Tasks and indicative estimates:

[ ]undefined[Backend] Create a model and expose fetch counter endpoint: ~2 story points
[ ]undefined[Backend] Expose increment counter endpoint: ~2 story points
[ ]undefined[Backend] Expose endpoints to fetch & increment counter: ~1 story point
[ ]undefined[Frontend] Call counter endpoints to switch between sign-up flows: ~3 story points

Once you have designed your backend, align with your frontend team on the best way for them to receive the information and at which stage of the flow.

Keep in mind and mitigate the main dependencies:

Make sure that your teams are aligned on a contract in advance so that the frontend part can be implemented in parallel with the backend.
Try to avoid your frontend being blocked until the whole backend is done
Regardless of the experiment environment, all UI options should be implemented anyway

3. Analyzing and interpreting results

Once your experiment has been running for a sufficient amount of time, it's important to analyze and interpret the results to draw meaningful conclusions.

Define the list of fields you need to calculate the impact on metrics you decided to focus on earlier.

From the illustrative example above data sources would be 2 tables:

Experiments database:
- Input: experiment id you are looking results for
- Output: list of all user ids that are participants of specific experiment, the group to which each user was assigned and timestamp when user was assigned
Order lifecycle database
- Input: list of users that are in scope of your experiment and timestamp when they were enrolled to experiment
- Output: final statuses of all orders that are associated with these users and were processed after user was enrolled to experiment

Based on this data you can calculate the % successfully created orders for each of the experiment groups.

When analyzing your results, it's important to look beyond just the raw numbers. You'll also want to look for statistical significance to ensure that any differences you observe between your test groups are not just due to random chance. I will not focus too much on this part as I already see plenty of articles related to this topic with this and other online resources. Anyway, excessive knowledge is not required here: in my opinion, being able to apply Z-Test or T-Test to check for the significance of the difference between the 2 groups would be sufficient.

Nevertheless, once you've determined that your results are statistically significant, you can start to draw conclusions about which option of your product performed better.

4. Scaling up the preferred option

After you've successfully run an experiment and gotten a sufficient degree of confidence regarding the best option, the next step is to scale up your changes across your product. There can be several approaches:

The easiest one is to adjust the configuration of your experiment so that 100% of the users will be falling under the group that shows better results. You will need to reserve some time to clean up the code in the future so that displaying this specific part of UI is independent of the experiment environment
The less straightforward one is if your product is available on multiple platforms. Be extra careful in assuming that the results of experiments on the web flow apply to the mobile app flow (and vice versa). Sometimes it’s better to be safe than sorry and run a separate experiment in a similar way, but on another platform.

To conclude

Having your own experiment environment is a very handy tool for any product manager. Regardless of at which stage of maturity your current product is, creating an experiment environment should not take too much time. Paying a fairly low one-off cost to get it working will fairly quickly show you the return on investment.

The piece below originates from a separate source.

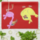 Serviette de cuisine rouge avec le poussin rose de
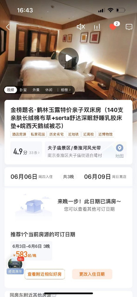 除了酒店,今年高考生的家长们思路也“打开”了,不少人选择距离考场更近、环境更温馨、还可以洗衣做饭的民宿陪考。

Finally, here are a few tips to make sure that the results of the experiment make sense:

First of all, understand which metrics will be affected (if any) by implementing the change you are considering.
Clearly define your goals and metrics before starting your experiment
Keep your experiment as simple as possible, focusing on one key change at a time
Be careful when considering the extrapolation of results of your experiment on other platforms or other similar services

By following these best practices, you can set up an effective experimentation environment that can help you make data-driven decisions and drive your conversion rates over time.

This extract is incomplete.